Let's assume $f_{B_t}(t,B_t) = t*B_t$ ($B_t$ is Brownian motion)
- $f(t,B_t) = \frac{1}{2}t*B_t^2$
- $f_t(t,B_t) = \frac{1}{2}*B_t^2$
- $∫_0^Tf_t(t,B_t)dt = ∫_0^T\frac{1}{2}*B_t^2dt$
Above those are solution.
First, what I confused is that How Brownian motion can remain uninfluenced when we calculate derivative about time '$t$'?? (Question about number 2 equation)
Second, if number 2 equation true, it seems that we treat $B_t$ as constant when we do some calculus about '$t$'
then Why $∫_0^T\frac{1}{2}*B_t^2dt$ isn't simplified? I mean, why integral terms are not going away?
I think it would be simplified like this : $\frac{1}{2}*B_t^2*T$
It is somehow missleading with those indices $t,B_t$ at the bottom of $f$.
You have some function $f:\mathbb R_+ \times \mathbb R \to \mathbb R$ and you evaluate it at point $(t,B_t)$ (where the latter is understood in pointwise sense $B_t(\omega)$.
By $f_t$ they mean derivative with respect to the first argument and by $f_{B_t}$ they mean derivative with respect to second argument (you can think of value $x$ instead of $B_t$, it would make it more clear).

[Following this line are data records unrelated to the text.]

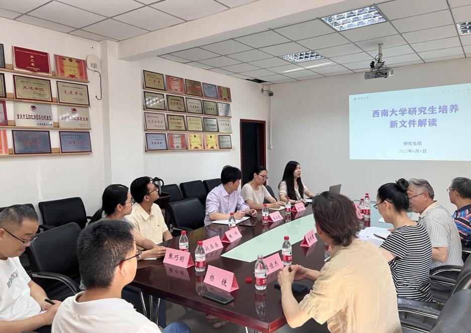 6月8日,学校研究生教育管理与课程教学督导专家组杨国才教授、陈建教授、曾利君教授在研究生院培养办陈璐老师的陪同下,莅临我院开展研究生教育教学管理工作督导检查并开展座谈。胜游体育(中国)官方在线吴正茂院长、二级学科秘书、新增导师代表以及研究生教学管理人员参加了座谈。
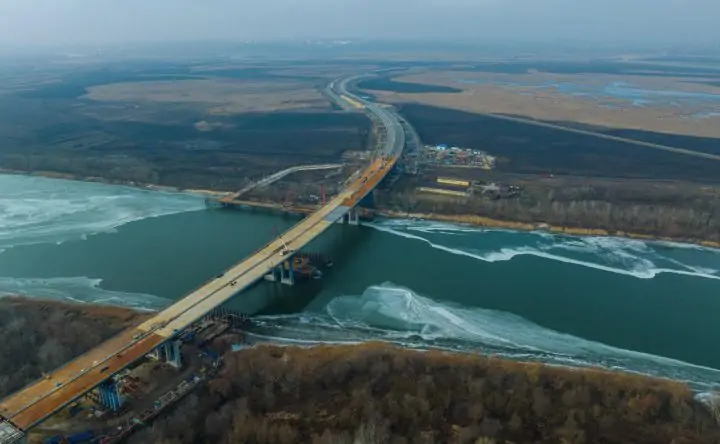 В Ростовской области установили все пролёты и сомкнули мост, который возводят в Аксайском районе через реку Дон. Протяженность нового искусственного сооружения 1901 метр. В Росавтодоре заверили, что проехаться по мосту, который входит в новый 35-километровый скоростной участок М4 «Дон» — обход Аксая, можно будет уже в июне этого года.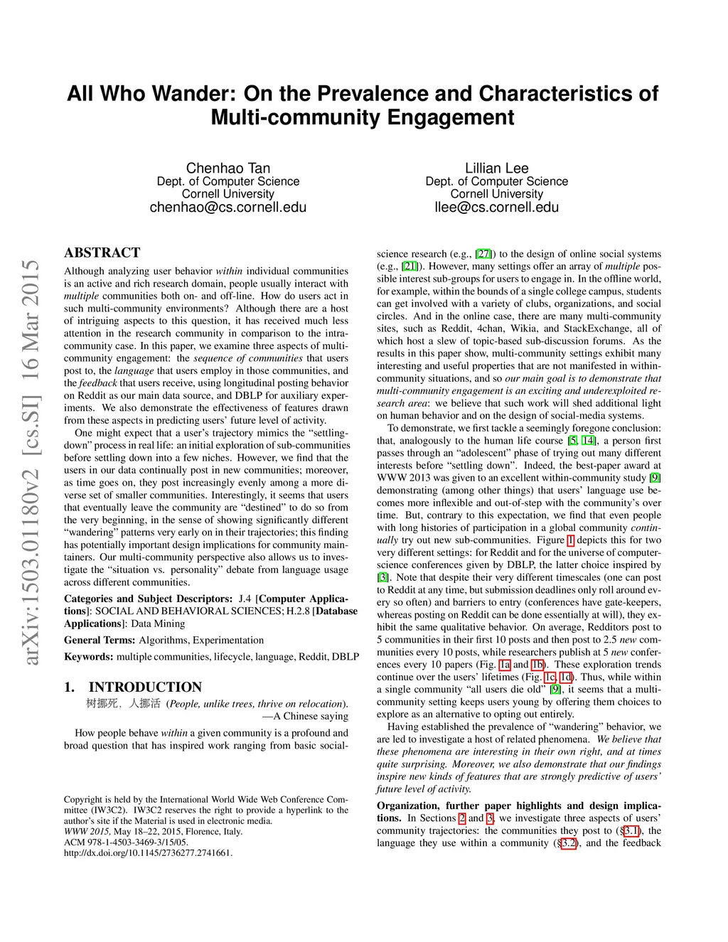 Although analyzing user behavior within individual communities is an active and rich research domain, people usually interact with multiple communities both on- and off-line. How do users act in such multi-community environments? Although there are a host of intriguing aspects to this question, it has received much less attention in the research community in comparison to the intra-community case. In this paper, we examine three aspects of multi-community engagement: the sequence of communities that users post to, the language that users employ in those communities, and the feedback that users receive, using longitudinal posting behavior on Reddit as our main data source, and DBLP for auxiliary experiments. We also demonstrate the effectiveness of features drawn from these aspects in predicting users' future level of activity. One might expect that a user's trajectory mimics the "settling-down" process in real life: an initial exploration of sub-communities before settling down into a few niches. However, we find that the users in our data continually post in new communities; moreover, as time goes on, they post increasingly evenly among a more diverse set of smaller communities. Interestingly, it seems that users that eventually leave the community are "destined" to do so from the very beginning, in the sense of showing significantly different "wandering" patterns very early on in their trajectories; this finding has potentially important design implications for community maintainers. Our multi-community perspective also allows us to investigate the "situation vs. personality" debate from language usage across different communities.

(To give you example, if you have some function $g(t,x) = tx$, then they call $g_t$ a derivative with respect to first argument, that is $g_t(t,x) = x$, right? So that $g_t$ is just a projection on the second argument. Even if now, you change names of your variables, $g_t$ is still the same function, it's just a denotation. Having said that, for some functions $\psi,\varphi$ of variable $t$, you still have $g_t(\varphi(t),\psi(t)) = \psi(t)$, because $g_t$ just leaves us with second argument, which in the latter case is just $\psi(t)$ and it does not matter that $\psi$ depends on $t$, because that letter $t$ in $g_t$ is just for convenience, it indicates we're differentiating with respect to first variable)
If you want to be more clear with yourself, you can change $f_t,f_{B_t}$ with $f_1,f_2$ meaning derivatives with respect to first and the second variable.

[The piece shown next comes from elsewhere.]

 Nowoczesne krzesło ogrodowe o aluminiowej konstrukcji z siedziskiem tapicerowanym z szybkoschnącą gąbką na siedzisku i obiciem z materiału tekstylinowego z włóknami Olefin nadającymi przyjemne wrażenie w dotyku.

In that langueage, your equations means $f_2(t,B_t) = t B_t$ (or $f_2(t,x) = tx$ if you evaluate it pointwise for some $B_t(\omega) = x$).
And I think it's not that hard to understand it with $f_2(t,x) = tx$, since then $f(t,x) = \frac{1}{2}tx^2 $ (one of possibilities, we could add any function of variable $t$, because it's constant with respect to $x$) so that $f_t(t,x) := f_1(t,x)= \frac{1}{2}x^2 $ and as we said, $f_t(t,B_t) = f_1(t,B_t) = \frac{1}{2}B_t^2$, since it's just function $f_1$ evaluated at point $(t,B_t)$.
As for the last equality with integral, it's a little bit different. $B_t$ depends on $t$ on it's own. $$ \int_0^T f_1(t,B_t)dt = \int_0^T \frac{1}{2}B_t^2 dt $$ You see, last "dt" affects whole term under integral, which is $f_1(t,B_t)$. It's the same as with function $g$ above. Having $\int_0^T g_t(t,x)dt = \int_0^T x dt = Tx$, but if you want to evaluate $g$ at those points $(\varphi(t),\psi(t))$ then you indeed have $\int_0^T g_t(\varphi(t),\psi(t))dt = \int_0^T \psi(t) dt$ and you cannot just leave it as $T\psi(t)$
To cuy long story short, subsript near function (even if they use some variable for it) indicates which variable (meaning which one of arguments) we're integrating with respect to, but under integral, changes $dx,dt,dy$ or so on, affects whole term under integral, every one depending on the variable which we're integrating with respect to.